While this is tedious and time-consuming, it could be the better way to account for your expenses as a driver. Search the Internet and you will likely find mobile applications, spreadsheets, and organizational tips to help you with this record-keeping exercise. I leave that discovery to you.
Service-related expenses
Technology platforms, like Uber, are not self-supporting. They rely on the skills of other professionals to keep them running for the benefit of the community of drivers and riders. To keep the lights on, the company automatically deducts fees from your pay, which are neatly summarized in the driver's year-end report (Form 1099). Look for them; they are deductible. Follow the instructions in your driver's account to download all the relevant information the company provides.
Administrative expenses
A mobile plan is another significant expense if you are a driver, no question. You need to stay connected to know where to pick up your next passenger from. Mobile service plan fees are deductible if used for business. However, your provider may have bundled your plan with fees for other services they provide. Home internet or a wearable device line, and multiple cellphone lines for your family members are some of the items that may be bundled together for one great price. You'll have to unbundle the total amount and expense only the portion representing your cost related to your business use.
A common error is reporting everything when some may belong to other users in your family, not related to your business use. That monthly fee for the installment plan for your child's phone upgrade is not a business deduction you can take. In the event of an audit, you should be able to provide a copy of your monthly statements and demonstrate how you arrived at your total expense numbers. If you don't, you'll likely lose the deduction.
Bundling is common for insurance coverage as well. You often get the best price when you bundle your car insurance with your home or boat insurance. At tax time, you will have to review your policy statements to separate the premiums for your car from the ones you pay for your home or boat. Inflated expenses may result in greater deductions, and that may temporarily feel great as your refund keeps getting bigger and bigger, but don't be fooled. Revenue agents have the authority to adjust the return you filed because of an audit, and you'll have to pay back any excess refund (beyond what is rightfully owed to you) with interest and penalties.

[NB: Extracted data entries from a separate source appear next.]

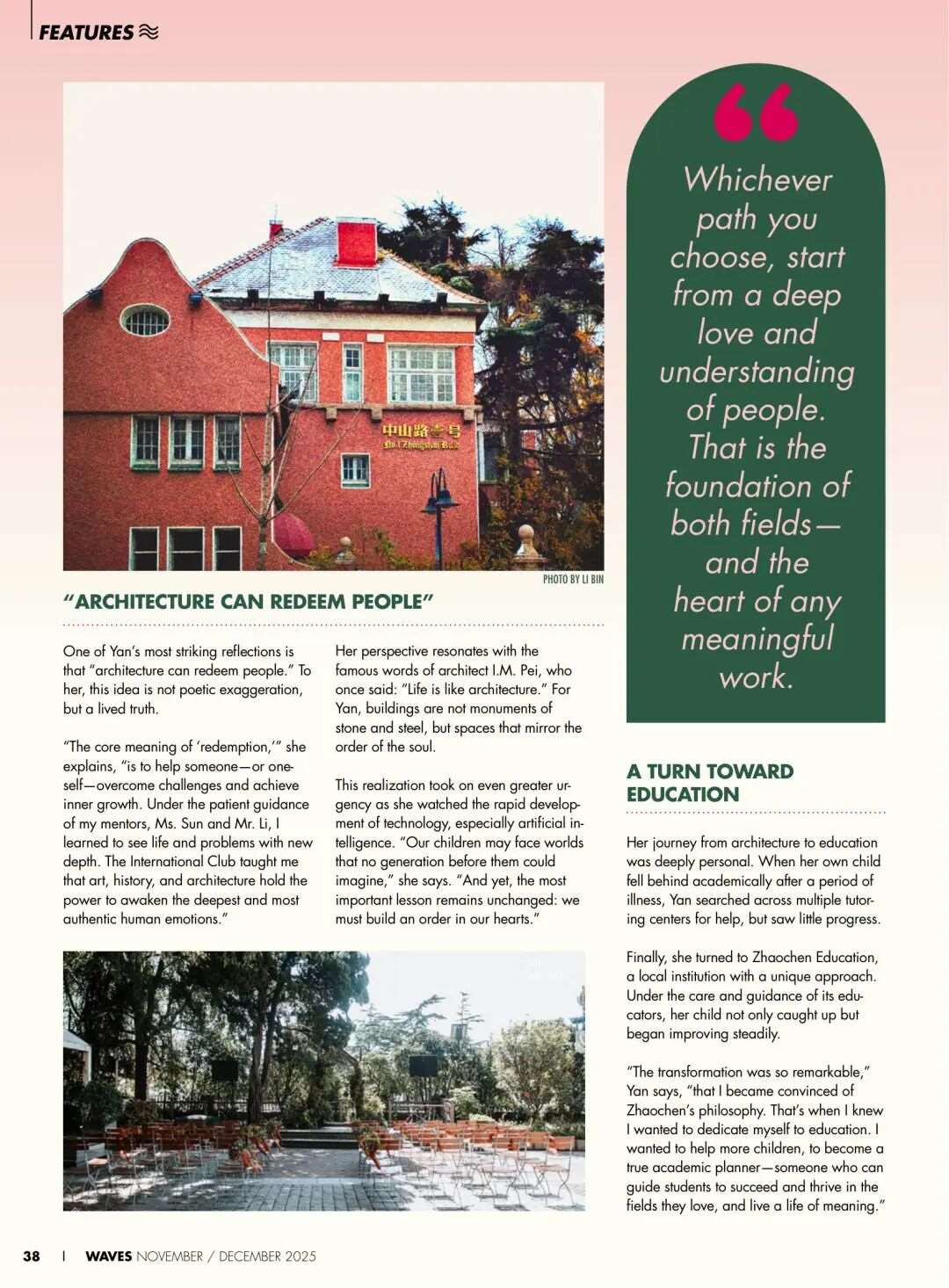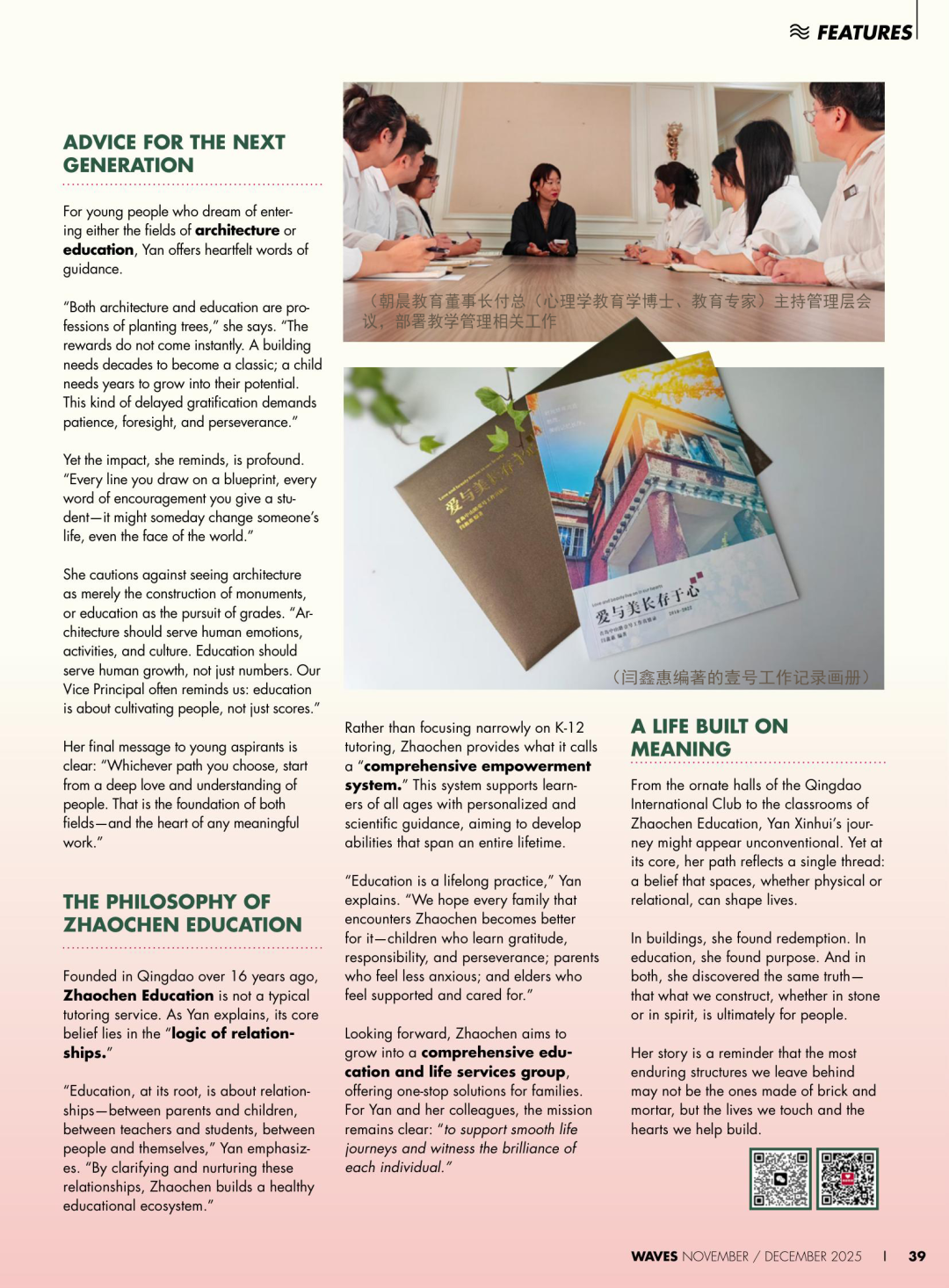 注:《浪潮》杂志是一份倡导独立思考与深度反思的优质刊物,聚焦多元领域的价值探索与人物故事,通过挖掘不同行业从业者的成长轨迹,传递有温度、有深度的人生洞察,本次专访将闫鑫惠的跨界经历与教育理念纳入专题报道,为读者呈现一场关于「渡人」与「成长」的深度对话。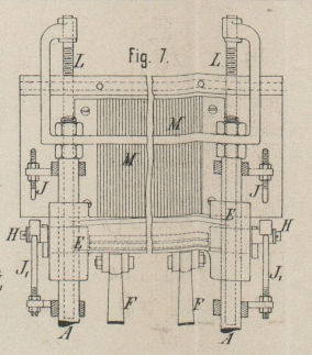 angegeben. An Stelle der Reiſstrommel tritt hier eine guſseiserne Trommel T, auf welcher schraubengangförmig Messingplatten mit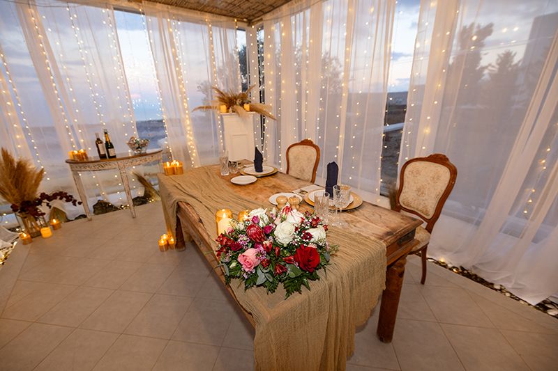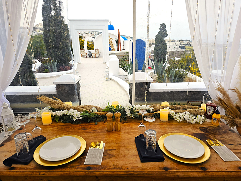 Santorini private dinner proposal is All inclusive Santorini proposal package the ultimate relaxing and romantic proposal package. Propose at the elegant Saint Nicholas private venue with fully decorations of your choice and enjoy a tasty dinner.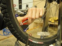 Fit the wheel into the wheel truing stand. It doesn't matter which way the wheel is facing.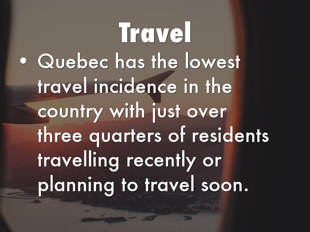 Quebec has the lowest travel incidence in the country with just over three quarters of residents travelling recently or planning to travel soon.

Finally, tax preparation is a costly service. Whether you pay someone to keep your records in good order and file your taxes or take on this responsibility yourself, you can deduct the business portion of the cost of the service or the software you use. As for any other expense for your business, you should keep the invoice and proof of the payment you made for your records.
You should know that when using tax preparation software (if you self-prepare your return), the require Schedule C, where you'll be reporting your business income and expenses, doesn't group expenses like I just did. So, getting to know the reporting requirements and the form is helpful before you sit down and enter your numbers. You can look at the latest version of Schedule C (Form 1040), Profit or Loss from Business, and download the instructions for review.
For you to be able to claim the deduction, business expenses need to be ordinary and necessary. Whether you take on the cost of in-car Wi-Fi or satellite radio service, keeping your receipts and splitting between personal and business use is a great starting point. I will bid you farewell with this piece of professional advice: Think twice before you trust any internet schemes or unsubstantiated advice—if it sounds too good to be true, it probably is.